We’ve also got a user to works in computer-aided design and we’re exploring how it can be developed to support him with his work too.

As we continue to develop Canute, we’re able to adapt the scripting so it can be personalised for different uses.

How the Womanthology community can support

As I mentioned earlier, Bristol Braille is a community interest company. We’ve been able to do all this research and development by bidding for grants, loans and investments.

For the last two years, we have been developing the Canute Console. It is a Linux workstation with a multiline Braille display. It is composed of a Canute 360 Braille display docked in a workstation that adds a pull-out Qwerty keyboard, a fold-up 13″ high contrast monitor, and runs off a Raspberry Pi 400. This means the Canute can be connected to the internet and becomes interactive. It allows co-working and co-playing between Braille readers and their sighted or low-vision colleagues.

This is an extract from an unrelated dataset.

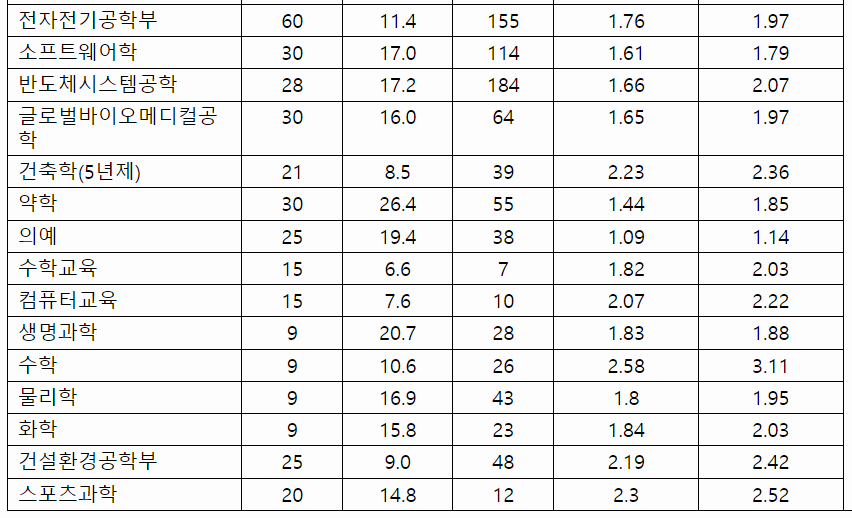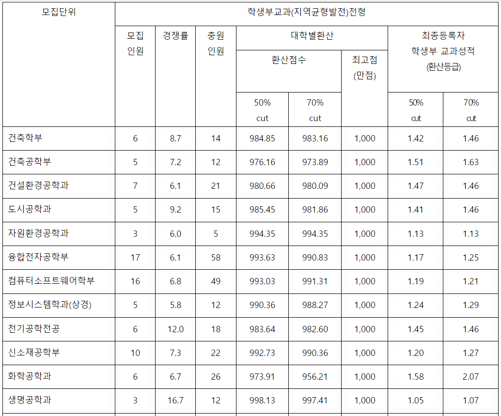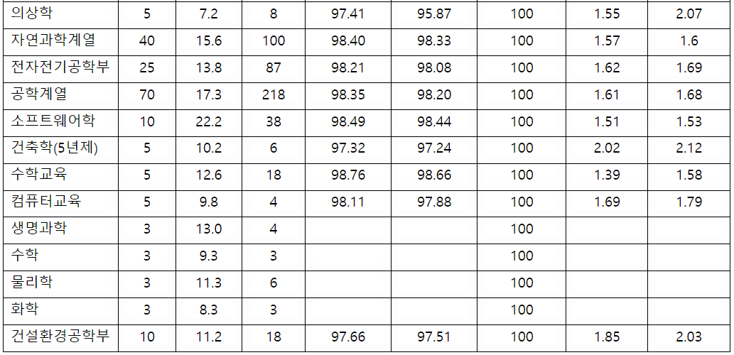 2022학년도 수시등급컷 70% 결과를 확인해 보겠습니다. 학생부 교과 결과를 보면 건축학부 1.46, 자원환경공학 1.13, 컴퓨터소프트웨어학부 1.21, 신소재공학부 1.27, 화학공학 2.07, 생명공학 1.07, 산업공학 1.27, 국어국문 1.59, 사학 1.46, 정치외교 1.45, 미디어커뮤니케이션 1.38, 관광 1.67, 행정 1.28, 경영 1.53, 파이낸스경영 1.36, 미래자동차공학 1.32, 국어교육 1.15, 간호 1.32 등입니다. 학생부 위주인 학생부 종합 수시등급컷은 학생부교과 보다는 낮지만 서류 위주라는 것을 감안해야 합니다. 1~4등급대로 다양하게 분포하고 있으며 2~3등급대가 다수입니다. 도시공학 3.24, 전기공학 전공 2.10, 생명공학 1.52, 미래자동차공학 1.70, 의예 1.85, 미디어커뮤니케이션 3.34, 중어중문 3.56, 수학 2.99, 정책 2.85, 교육공학 1.86, 의류학과(자연) 4.01, 국제학부 3.74입니다.
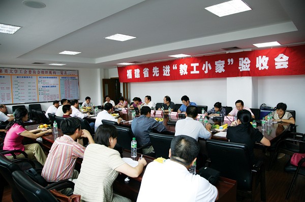 10月17日,福建省高校系统先进“教工小家”(南片)验收会在我校教工活动中心举行。验收组由福建省总工会教科文卫体工会工作委员会主任方清、副主任张元闽、厦门市总工会科文卫体工委主任康鹭佳、福建农林大学工会常务副主席王秀珍、福州大学工会常务副主席郑翔等6位领导和专家组成。厦门大学、华侨大学、漳州师范学院等兄弟院校工会的领导和老师,我校工会主席李金水、副主席骆朝泉、陈俊彦、信息工程学院党委书记朱凤君、政法学院党委书记庄丽榕等出席验收会。

We are now selling the Canute Console and we’d like to find companies that would like to buy one or two consoles. They’re now retailing for about £4,000, whereas our nearest competitors are more like £15,000, although they do something different and they work on a different basis to the Canute.

Feel free to email me at if you’d like any more details about the Canute and ways it might be able to help blind and partially sighted people.

Coming up next

Coming up next I’m looking forward to new projects on the Canute, which will enable it to do things that we haven’t been able to before.

Outside of work, I’m a keen swimmer so I’m looking forward to doing more of that.